5x Faster Spatial Join with this One Weird Trick
28 Sep 2018Update: As of PostGIS 3.1, spatial join is much faster due to some caching improvements, and this trick will mostly no longer yield large performance gains, though it still won’t hurt.
My go-to performance test for PostGIS is the point-in-polygon spatial join: given a collection of polygons of variables sizes and a collection of points, count up how many points are within each polygon. It’s a nice way of testing indexing, point-in-polygon calculations and general overhead.
Setup
First download some polygons and some points.

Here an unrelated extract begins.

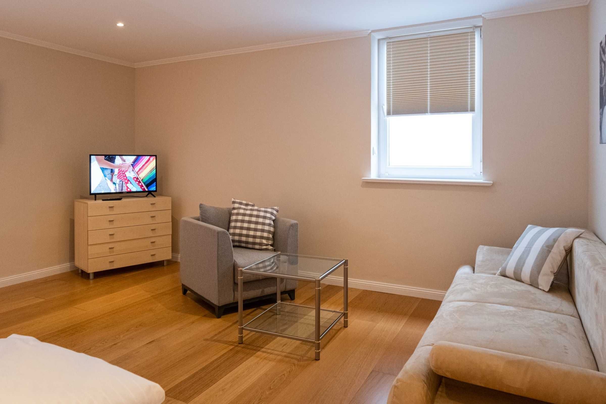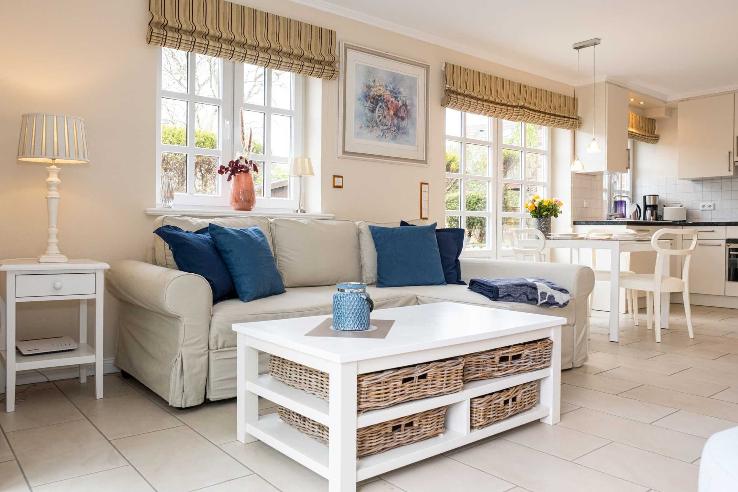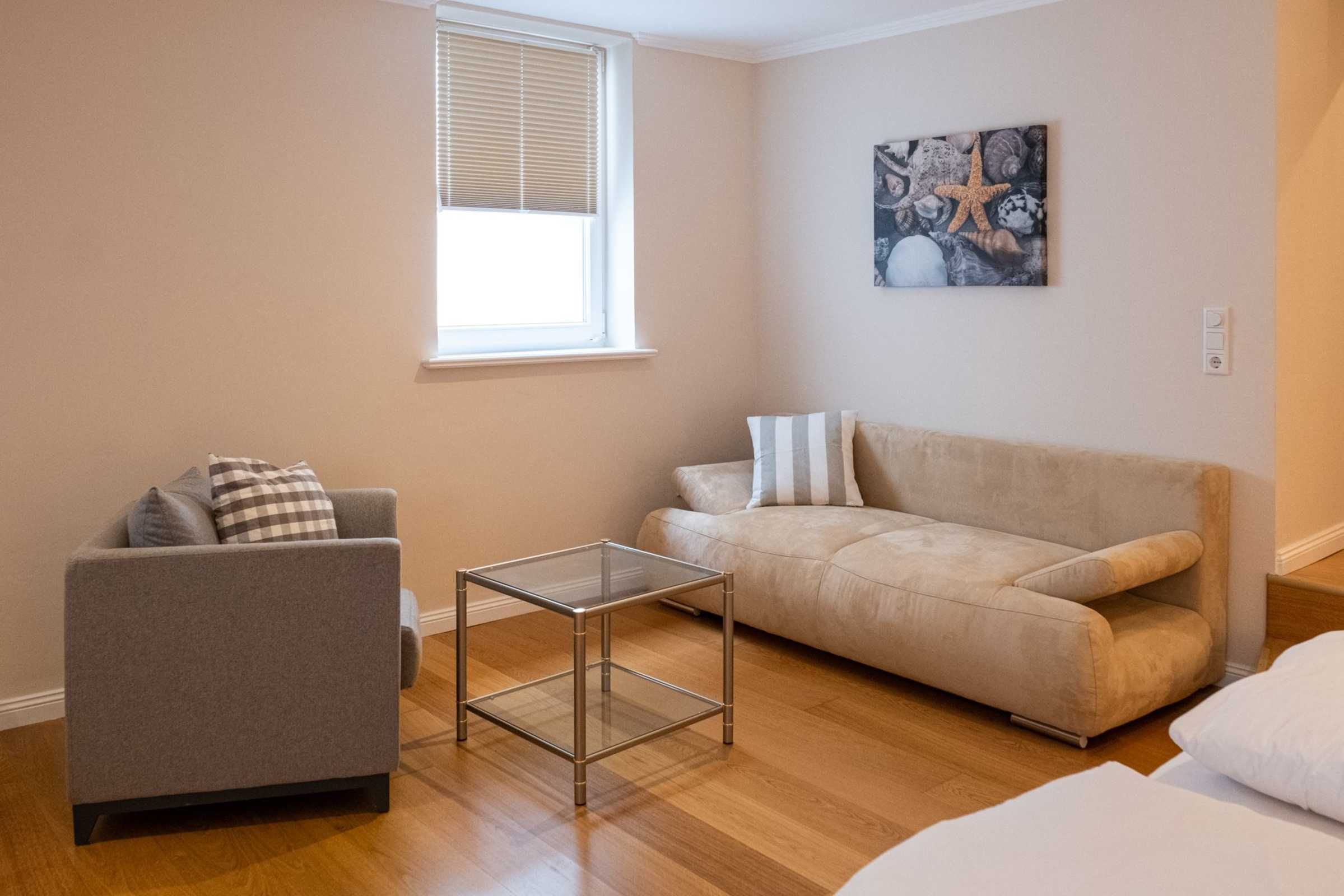 Zur Wohnung gehört ein großzügiger Garten Teil mit Terrasse. Dieser ist mit Strandkorb und Gartenmöbeln ausgestattet. Im Untergeschoss können Sie Waschmaschine und Trockner kostenfrei nutzen. Ein eigener Stellplatz befindet sich vor dem Haus.

Load the shapes into your database.
shp2pgsql -s 4326 -D -I ne_10m_admin_0_countries.shp countries | psql performance
shp2pgsql -s 4326 -D -I ne_10m_populated_places.shp places | psql performance
Now we are ready with 255 countries and 7343 places.
One thing to note about the countries is that they are quite large objects, with 149 of them having enough vertices to be stored in TOAST tuples.
Baseline Performance
Now we can run the baseline performance test.
On my laptop, this query takes 25 seconds.
If you stick the process into a profiler while running it you’ll find that over 20 of those seconds are spent in the pglz_decompress
function. Not doing spatial algorithms or computational geometry, just decompressing the geometry before handing it on to the actual processing.
Among the things we talked about this week at our PostGIS code sprint have been clever ways to avoid this overhead:
- Patch PostgreSQL to allow partial decompression of geometries.
- Enrich our serialization format to include a unique hash key at the front of geometries.
These are cool have-your-cake-and-eat-too ways to both retain compression for large geometries and be faster when feeding them into the point-in-polygon machinery.
However, they ignore a more brutal and easily testable approach to avoiding decompression: just don’t compress in the first place.
One Weird Trick
PostGIS uses the “main” storage option for its geometry type. The main option tries to keep geometries in their original table until they get too large, then compresses them in place, then moves them to TOAST.
There’s another option “external” that keeps geometries in place, and if they get too big moves them to TOAST uncompressed. PostgreSQL allows you to change the storage on columns at run-time, so no hacking or code is required to try this out.
The spatial join now runs in under 4 seconds.
What’s the penalty?
- With a “main” storage the table+toast+index is 6MB.
- With a “external” storage the table+toast+index is 9MB.
Conclusion
For a 50% storage penalty, on a table that has far more large objects than most spatial tables, we achieved a 500% performance improvement. Maybe we shouldn’t apply compression to our large geometry at all?
Using “main” storage was mainly a judgement call back when we decided on it, it wasn’t benchmarked or anything – it’s possible that we were just wrong. Also, only large objects are compressed; since most tables are full of lots of small objects (short lines, points) changing to “external” by default wouldn’t have any effect on storage size at all.